The "Antoci Protocol" has been applied to land sales throughout Sicily since 2015 and throughout Italy since 2017.

Antoci survived an attack by Cosa Nostra on his armored vehicle in May 2016 unharmed.

Since then, he too has been constantly protected by bodyguards.

The Nebrodi Mountains were formerly called "the land of dead souls" because of the bloody rule of Cosa Nostra, Antoci said after Tuesday's verdict.

In particular, small ranchers and farmers in the Nebrodi Mountains could not counter the mafia's blackmail and intimidation.

"Prison sentences of more than 600 years are a very strong signal," said Antoci, expressing confidence that the region "is now liberated".

The process and the verdict would also have “a signal effect for the whole country”.

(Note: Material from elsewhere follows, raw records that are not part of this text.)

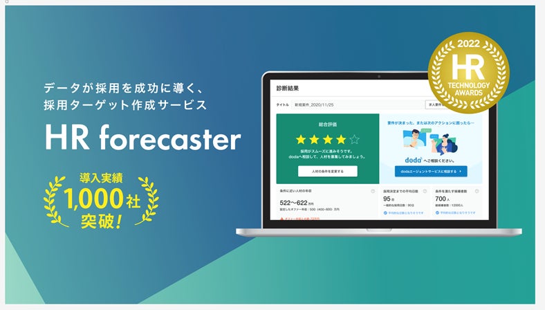 「HR forecaster」は、転職サービス「doda」が蓄積してきた100万件以上の転職データから作成した統計データを活用して、転職マーケットに即した求人要件を作成できるサービスです。企業が作成した求人要件を「HR forecaster」の統計データで分析することで、採用難易度が可視化され、転職マーケットに即した適切な求人要件に見直すことが可能となります。これにより、採用成功率の向上や採用期間の短縮化を実現します。2021年11月のサービス提供開始から導入企業は右肩上がりで増加し、約半年で1,000社を突破し、業種やエリア、企業規模問わず、幅広い企業が活用しています。
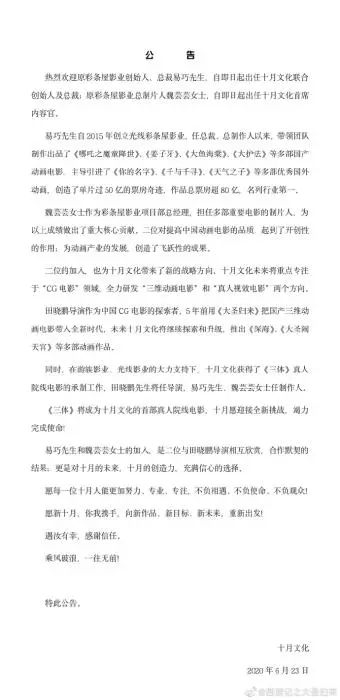 但到了当年6月,却传出了电影《三体》上映将无限期推迟的消息。同时,影片监制、出品方游族影业CEO孔二狗已离职,特效团队被更换,导演张番番拍摄的素材被废弃等传闻也相继出现。不过,孔二狗、游族影业副总裁杨璐以及导演张番番随即对此予以否认。
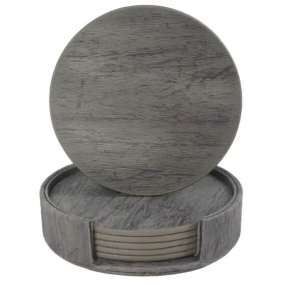Sats med 6st vändbara glasunderlägg med grå trä-design i konstläder med matchande hållare. Mönstret kan skilja sig mellan varje underlägg och sida.
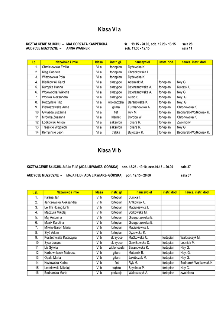 Klasa VI a KSZTAŁCENIE SŁUCHU – MAŁGORZATA KASPERSKA AUDYCJE MUZYCZNE – ANNA WAGNER Lp. 1. 2. 3. 4. 5. 6. 7. 8. 9. 10. 11. 12. 13. 14. Nazwisko i imię Chmielowska Emilia Klag Gabriela Wlazłowska Pola Bieńkowski Karol Kuropka Hanna Wojewódka Wiktoria Wolska Aleksandra Roczyński Filip Pietraszewska Anna Gwiazda Zuzanna Mrówka Zuzanna Lodkowski Antoni Trzęsicki Wojciech Kempiński Leon klasa VI a VI a VI a VI a VI a VI a VI a VI a VI a VI a VI a VI a VI a VI a śr. 19.15 - 20.00, sob. 12.20 - 13.15 sob. 11.30 - 12.15 instr. gł. fortepian fortepian fortepian skrzypce skrzypce skrzypce skrzypce wiolonczela gitara flet klarnet saksofon saksofon trąbka nauczyciel Dyżewska K. Chrabkowska I. Dyżewska K. Adamiak M. Dzierżanowska A. Dzierżanowska A. Kuzio E. Baranowska K. Furmanowska A. Ryk M. Doroba W. Tokarz R. Tokarz R. Bujoczek K. sala 28 sala 11 instr. dod. fortepian fortepian fortepian fortepian fortepian fortepian fortepian fortepian fortepian fortepian fortepian naucz. instr. dod. Ney G. Kulczyk U. Ney G. Ney. G. Ney. G Chronowska K. Bednarek-Wojtkowiak K. Chronowska K. Zwolniony Ney G. Bednarek-Wojtkowiak K. Klasa VI b KSZTAŁCENIE SŁUCHU–MAJA FLIS (ADA LIKWIARZ- GÓRSKA) pon. 18.25 - 19.10, czw.19.15 – 20.00 sala 37 AUDYCJE MUZYCZNE – sala 37 L.p. 1. 2. 3. 4. 5. 6. 7. 8. 9. 10. 11. 12. 13. 14. 15. 16. MAJA FLIS ( ADA LIKWIARZ- GÓRSKA) pon. 19.15 - 20.00 Nazwisko i imię Falana Jan Janczewska Aleksandra Le Thi Hoang Linh Maczura Mikołaj Maj Antonina Mazik Karolina Milwiw-Baron Maria Styś Adam Postlethwaite Katarzyna Sycz Lucyna Lis Sylwia Karbowniczek Mateusz Opala Marta Kozłowska Karina Ledniowski Mikołaj Bednarska Marta klasa VI b VI b VI b VI b VI b VI b VI b VI b VI b VI b VI b VI b VI b VI b VI b VI b instr. gł. fortepian fortepian fortepian fortepian fortepian fortepian fortepian fortepian skrzypce skrzypce wiolonczela gitara gitara flet trąbka perkusja nauczyciel Burska I. Antkowiak U. Maciukiewicz I. Borkowska M. Grzegorzewska E. Grzegorzewska E. Maciukiewicz I. Dyżewska K. Maćkowska U. Gawlikowska D. Baranowska K. Maternik B. Jakóbczak M. Ryk M. Spychała P. Waloszczyk A. instr. dod. fortepian fortepian fortepian fortepian fortepian fortepian fortepian fortepian naucz. instr. dod. Waloszczyk M. Leoniak M. Ney G. Ney. G. Ney G. Bednarek-Wojtkowiak K. Ney G. zwolniona Klasa VI c KSZTAŁCENIE SŁUCHU - MAJA FLIS (ADA LIKWIARZ- GÓRSKA) wt.- pt. 17.35 – 18.20 sala 37 AUDYCJE MUZYCZNE – ANNA WAGNER wt. sala 11 Lp. 1. 2. 3. 4. 5. 6. 7. 8. 9. 10. 11. 12. 13. 14. 15. 16. 17. Nazwisko i imię CalińskI Łukasz Flegel Katarzyna Kuźniar Zofia Rejda Tymon Szydłowska Hanna Tyburczy Julia Wolska Barabra Żłobińska Paulina Barwińska Jagoda Galant Roksana Kołodyńska Helena Tomanek Zofia Gdesz Dominik Nowakowski Stanisław Witkowska Barbara Blew Jan Abulewicz Mateusz klasa VI c VI c VI c VI c VI c VI c VI c VI c VI c VI c VI c VI c VI c VI c VI c VI c VI c instr. gł. fortepian fortepian fortepian fortepian fortepian fortepian fortepian fortepian skrzypce skrzypce skrzypce skrzypce gitara gitara gitara klarnet perkusja 16.45 – 17.30 nauczyciel Antkowiak U. Florek E. Chrabkowska I. Grzegorzewska E. Kulczyk U. Jasińska M. Grzegorzewska E. Antkowiak U. Maćkowska U. Dzierżanowska A. Dzierżanowska A. Maćkowska U. Jakóbczak M. Furmanowska A. Furmanowska A. Bulińskia J. Waloszczyk a. instr. dod. fortepian fortepian fortepian fortepian fortepian fortepian fortepian fortepian fortepian naucz. instr. dod. Florek E. Waloszczyk M. Waloszczyk M. Kwinta M. Zwolniony Kwinta M. Wota G. Chronowska K. Florek E.
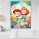 Encha suas paredes com felicidade e charme com esse trabalho de arte alegre de crianças. Com um menino e uma menina sorridentes rodeados por flores brilhantes e sol, este poster irradia positividade, amizade e alegria brincalhona. Perfeito para salas de crianças, berçários, salas de aula ou qualquer espaço que possa usar uma explosão de cor e felicidade.
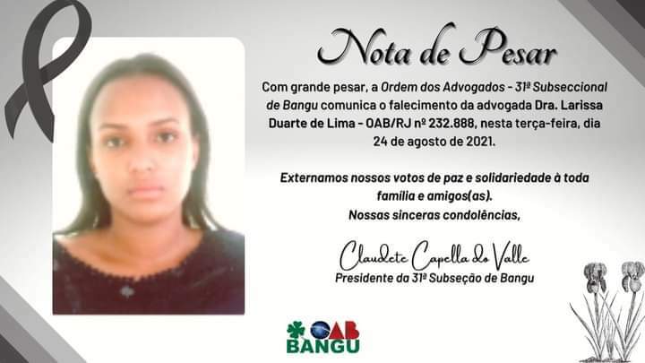 A Ordem dos Advogados do Brasil (OAB) em Bangu, divulgou uma nota de pesar.
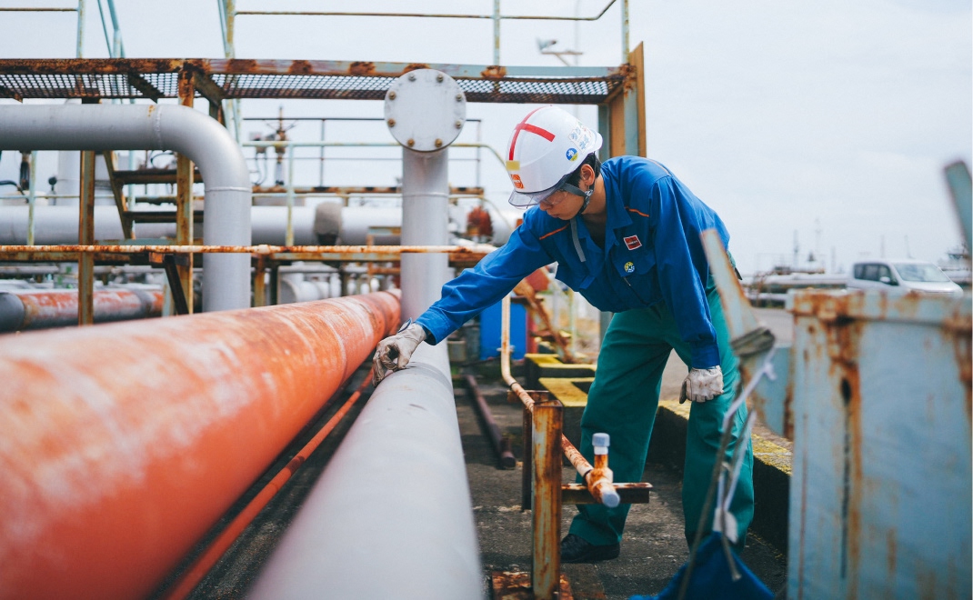 製油所は長期間にわたり稼働を続けているため、装置や配管の一部が劣化していることがあり、劣化部分から石油やガスなどの漏洩を防止することが重要です。所属する設備検査グループでは、配管や装置を検査し必要な対応をとり、漏洩を防ぐことで製油所の安定操業を支えています。具体的な業務は、検査箇所や範囲、方法を選定し、協力会社に依頼することが中心です。劣化による漏洩が発生したら自身のグループの責任となりますが、その分、使命感と大きなやりがいを感じられる仕事です。
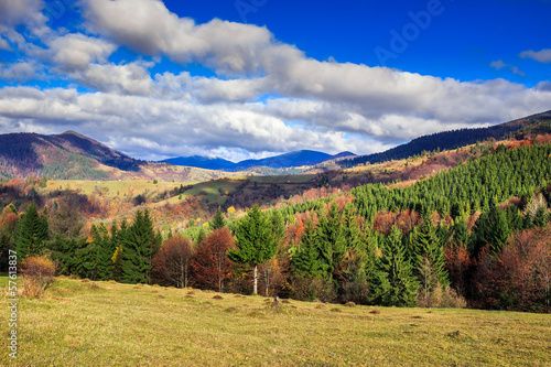© Pellinni, Naklejka premium pine trees near valley in mountains and autumn forest on hillsid
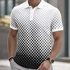 Homens Geométrico Linha Pólo Manga Curta Camisas polo Camisas de colarinho Business casual Ao ar livre Roupa Esportiva Roupa Diária Bolsos Impressão 3D Botões Verão Azul Preto e Branco Preto
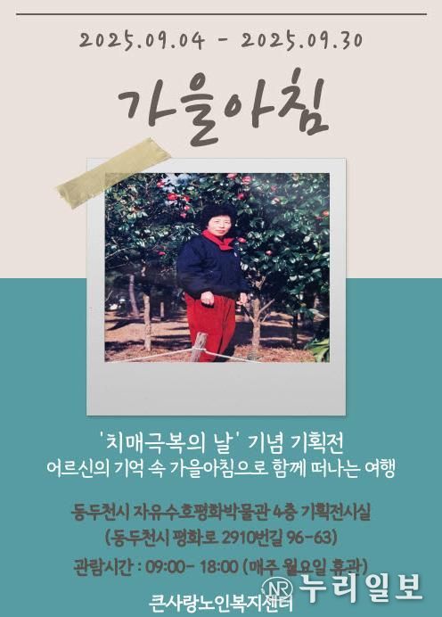 (누리일보) 동두천시 자유수호평화박물관은 큰사랑노인복지센터와 함께 9월 4일부터 30일까지 박물관 4층 기획전시실에서 치매극복의 날을 기념한 기획전시 ‘가을 아침’을 진행하고 있다고 밝혔다.
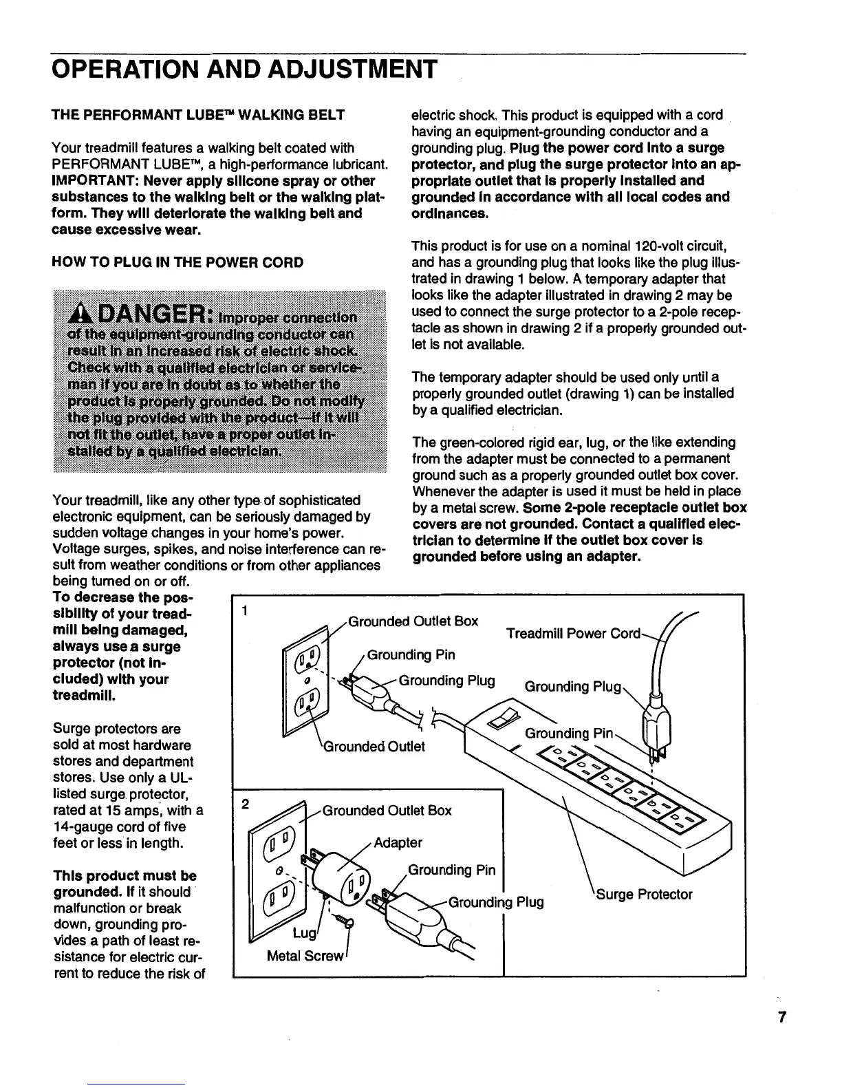 Pro-Form 375e - Operation and Power Connection; Walking Belt Lubrication Note; Safe Electrical Power Connection
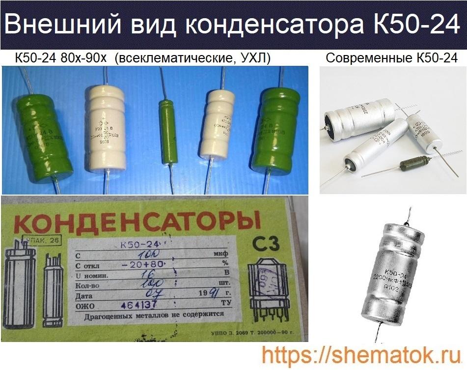В электролитических конденсаторах серии К50-24 не стоит искать содержание драгметаллов. Но они интересны для скупщиков радиолома как изделия, почти полностью состоящие из технического алюминия. При этом, по данным некоторых справочников, в них имеется небольшое количество серебра, но и его ничтожно мало — до 0,0003 гр. в 1 шт.Внешний вид К50-24

Italy will receive a good 191 billion euros from the European Union's post-pandemic recovery fund, more than any other EU country.

The allocation of the funds is also slow because the anti-mafia authorities have to carry out numerous checks before the funds are paid out.

The Sicilian Cosa Nostra is considered the oldest mafia organization and is controlled by a few family clans.

The total number of members of the Cosa Nostra clans is currently estimated at around 5000.

The 'Ndrangheta from Calabria is now considered the most dangerous and influential mafia organization and has established itself throughout Italy and in various European countries in recent years.

The Camorra is active in Naples and throughout the Campania region, and the Sacra Corona Unita in Puglia.

The extortion of protection money from local companies is still one of the mafia organizations' main sources of income.